— Пишет: «Отправляемся на веселье». Уезжал — хвастался, героем себя выказывал, видно, и там лучше не стал… Пустой парень. Болтун.

— Ну это ты зря. Рябой — парень что надо.

— Нет, Анкар. Модан был — вот это да. Ума, силы — на тридцать таких, как Рябой! — Нунна-пальван глубоко вздохнул. — Чтобы найти золотистого ягненка, сотни отар переберешь. Так и мой Модан. Раз в сто лет природа создает такого. Как узнал… в один день борода поседела.

Помолчали.

— А что слышно о твоих? — осведомился Нунна-пальван.

— Пока пишут. Юрдаман — пулеметчик, а Паша — подымай выше — командир. Ученым людям везде почет. Младший не писал долго, а тут получили письмо и фотокарточку. Без коня снят. Я думаю, он его командиру отдал. Мне письмо недавно прислал большой начальник. «Благодарю, — пишет, — за прекрасного ахалтекинца». И мне и всей семье благодарность.
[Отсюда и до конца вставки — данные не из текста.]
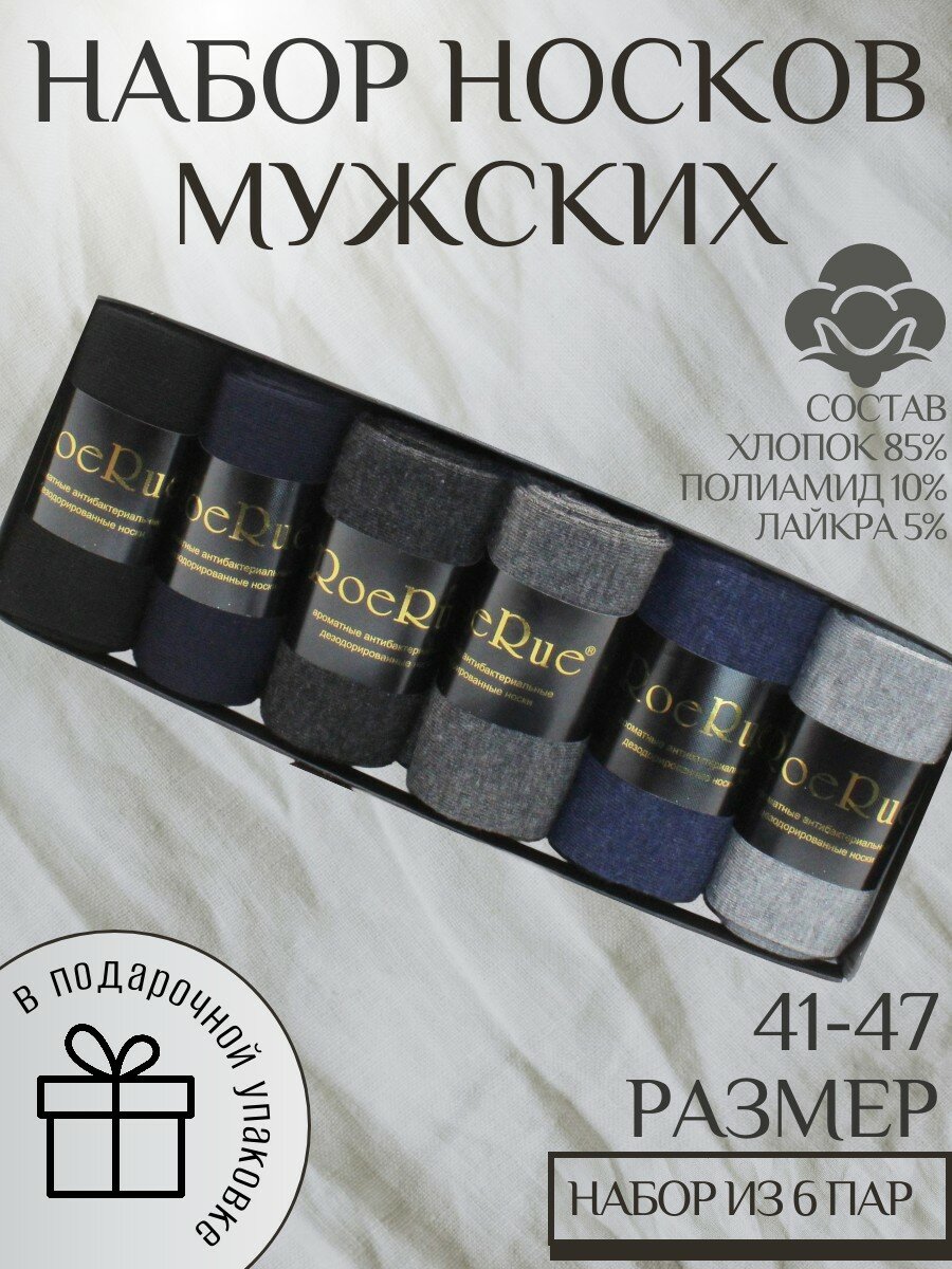 Мужские носки RoeRue, 6 пар, классические, ароматизированные, износостойкие, подарочная упаковка, быстросохнущие, антибактериальные свойства, воздухопроницаемые, на Новый год, на 23 февраля, размер 41-47, черный

Вот фотокарточка.

Гости стали рассматривать фотографию.

— По одежде судить, он не простой солдат, — с уверенностью заявил Нунна-пальван, считавший себя знатоком армейских отличий. — Сержант. Не иначе, за храбрость повысили.
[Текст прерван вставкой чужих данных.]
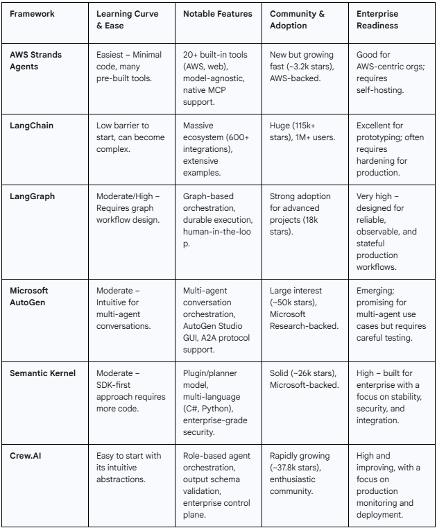 Hello Reader, AI agent frameworks have created a crowded and confusing landscape. This edition offers a direct, value-focused comparison of these popular frameworks, examining their features, ease of use, enterprise readiness, and ideal use cases to help you decide which is best suited for your project. This edition of the newsletter is written by Adam Bluhm, Principal AI Engineer at HiddenLayer, and a former award-winning Senior Solutions Architect at AWS. Adam Bluhm builds and architects secure mission-ready GenAI applications for the U.S. national security community. He lives in the Greater St. Louis area, raising a family and is a former VMware Staff Architect and USAF veteran. Follow Adam on his YouTube, and LinkedIn. Off to you, Adam... Hi, Adam here 👋! In almost all my customer conversations this topic comes up - which AI Agent is suitable for their workloads. With options like AWS Strands Agents, LangChain, LangGraph, Microsoft’s AutoGen and Semantic Kernel, and Crew.AI, selecting the right tool is critical. Let's get started.. 1. AWS Strands-Agents - Minimal-Code, AWS-Powered AgentsReleased in May 2024, AWS Strands Agents is an open-source SDK designed for simplicity and speed. It employs a “model-driven” approach where developers define an agent’s goal via a prompt and provide a list of tools. The framework, powered by the underlying LLM’s reasoning capabilities, autonomously handles the planning and execution of tool calls. Key Features: Strands ships with over 20 pre-built tools for common tasks like getting the current time (current_time), calling AWS services (use_aws), and making web requests (http_request), significantly accelerating proof-of-concept development. It is model-agnostic but features tight integration with the AWS ecosystem and supports emerging standards like Anthropic’s Model Context Protocol (MCP) for dynamic tool discovery. Pros: Its primary advantage is ease of use, allowing developers to build functional agents with minimal Python code. Its open-source nature and flexibility to use non-AWS models are also significant benefits. Cons: Strands is not a fully managed service; users are responsible for hosting, scaling, and monitoring the agent code on their own infrastructure (e.g., EC2, Lambda). As a newer framework, it has a smaller community (~3.2k GitHub stars) compared to more established alternatives. Ideal Use Case: Rapidly prototyping agents that perform cloud tasks or call APIs, especially within the AWS ecosystem. It is an excellent choice for building proofs-of-concept and demos with a minimal learning curve. 2. LangChain - The Popular Swiss Army Knife for LLM ApplicationsLangChain is one of the most widely recognized libraries for building LLM-powered applications. It is a comprehensive framework that provides components for prompts, memory, vector stores, and, most notably, tool-using agents based on reasoning strategies like ReAct. Strengths: LangChain’s main draw is its vast ecosystem of over 600 integrations, making it easy to connect an agent to nearly any data source or tool. Its massive community (100k+ GitHub stars) ensures extensive documentation, tutorials, and support. High-level APIs simplify initial development, making it a popular choice for hackathons and initial prototypes. Weaknesses: The framework’s many layers of abstraction can make complex agents difficult to debug and may introduce performance overhead. Originally designed for prototyping, its default agent implementations can lack the robustness required for production environments, a limitation that led to the development of LangGraph. Ideal Use Case: Prototyping LLM applications that require connecting multiple components, such as a RAG pipeline with tool-use capabilities and conversational memory. It serves as an excellent starting point for many projects, though complex applications may eventually require more specialized tooling. 3. LangGraph - Structured and Stateful Orchestration for ProductionIntroduced by the LangChain team, LangGraph provides a stateful orchestration framework for designing agents as controllable graphs. It replaces the simple, autonomous loop of a basic agent with a structured workflow of nodes and edges, offering greater control, reliability, and observability for complex tasks. Strengths: LangGraph is built for production. It offers durable execution, persistent memory, human-in-the-loop checkpoints, and rich debugging via LangSmith. Its graph-based architecture is flexible, allowing developers to implement various patterns like sequential tool use, reflection cycles, or multi-agent collaboration with explicit control flow. Learning Curve: LangGraph has a steeper learning curve than LangChain, as it requires developers to design the agent’s structure upfront. However, its control and reliability are significant payoffs for production-grade systems. Ideal Use Case: Enterprise developers building complex, reliable, and observable AI workflows. It is the logical next step for projects prototyped in LangChain that need to be hardened for production, particularly those involving long-running tasks, multi-agent systems, or steps requiring human oversight. 4. Microsoft AutoGen - Multi-Agent Conversations and CollaborationAutoGen is an open-source framework from Microsoft Research designed to facilitate collaboration between multiple LLM agents. It structures agent interaction as a conversation, where specialized agents can chat with each other and with human users to solve complex problems. Key Idea: Instead of a single agent, you define multiple agents with distinct roles (e.g., Planner, Solver, CodeExecutor). AutoGen orchestrates their dialogue, allowing one agent to delegate tasks to another. This conversational paradigm simplifies the implementation of sophisticated multi-agent patterns. Features: AutoGen supports an agent orchestration loop where agents can invoke each other as tools. The companion AutoGen Studio provides a

— Не знаю, — скромно сказал Анкар-ага. — Храбростью вроде не выделялся. Способный — это да. Старшая невестка, она у нас учительница, всегда его хвалила. Правда ли, нет, не знаю; может, она так, по-родственному…

Кейик, прислуживая гостям, ревниво вслушивалась в разговор. Было обидно, что свекор, хваля Пашу и Покера, о ее Юрдамане только и сказал — пулеметчик. Не радовал даже почет, с каким встречал свекор ее отца. Убрав чайники, она принесла большую миску шурпы из парной баранины, разложила на красивой шерстяной скатерти свежевыпеченные лепешки, поставила кувшин с чалом[4].
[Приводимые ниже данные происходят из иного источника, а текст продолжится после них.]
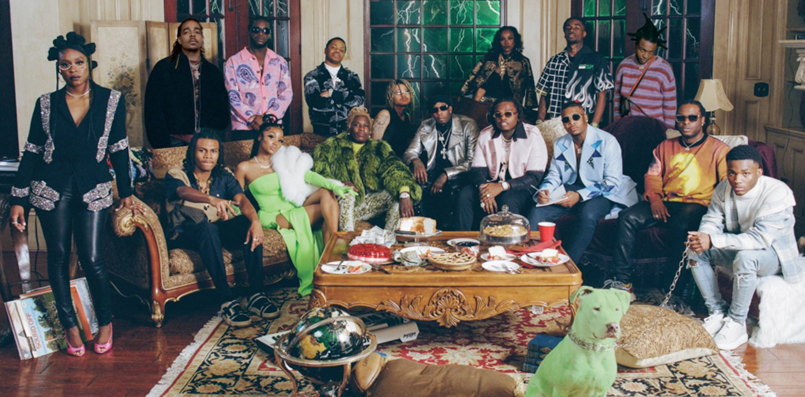 Elle devant : combinaison en viscose et Lurex imprimés, sac et escarpins, GUCCI. Elle derrière : veste sans manches en gabardine, robe en soie imprimée et escarpins, GUCCI. Lui derrière : bandeau, GUCCI. Baskets, REEBOK. Lui devant : tee-shirt en coton imprimé, pantalon en vinyle et bretelles, GUCCI. Baskets, REEBOK.

— А ты, я вижу, не беднеешь, — заметил Нунна-пальван, не в силах скрыть восхищение.

— Жили, слава богу, неплохо. Но прибавляться не прибавляется. Ничего, как-нибудь проживем. Лишь бы сыновья вернулись.

— Все в руках божьих, — вставил Джапар-ага. — Как говорится: сорок лет ходит холера, а умрет лишь тот, кому свыше назначено.

— Брешут, кто так говорит! — сердито проворчал Нунна-пальван. — На аллаха кивают, а про себя думают: береженого бог бережет. Дома отсидеться стараются. А то и вовсе в пески подаются. Вон Копек, ваш завфермой, как получил повестку, сразу, говорят, в пески деру дал.

— Все возможно, — подтвердил Анкар-ага. — Про кого другого, а про этого что ни скажи — поверю.

— Говорят, уже два дня ищут, как сквозь землю провалился. Ничего, найдут, от колодцев далеко не уйдешь.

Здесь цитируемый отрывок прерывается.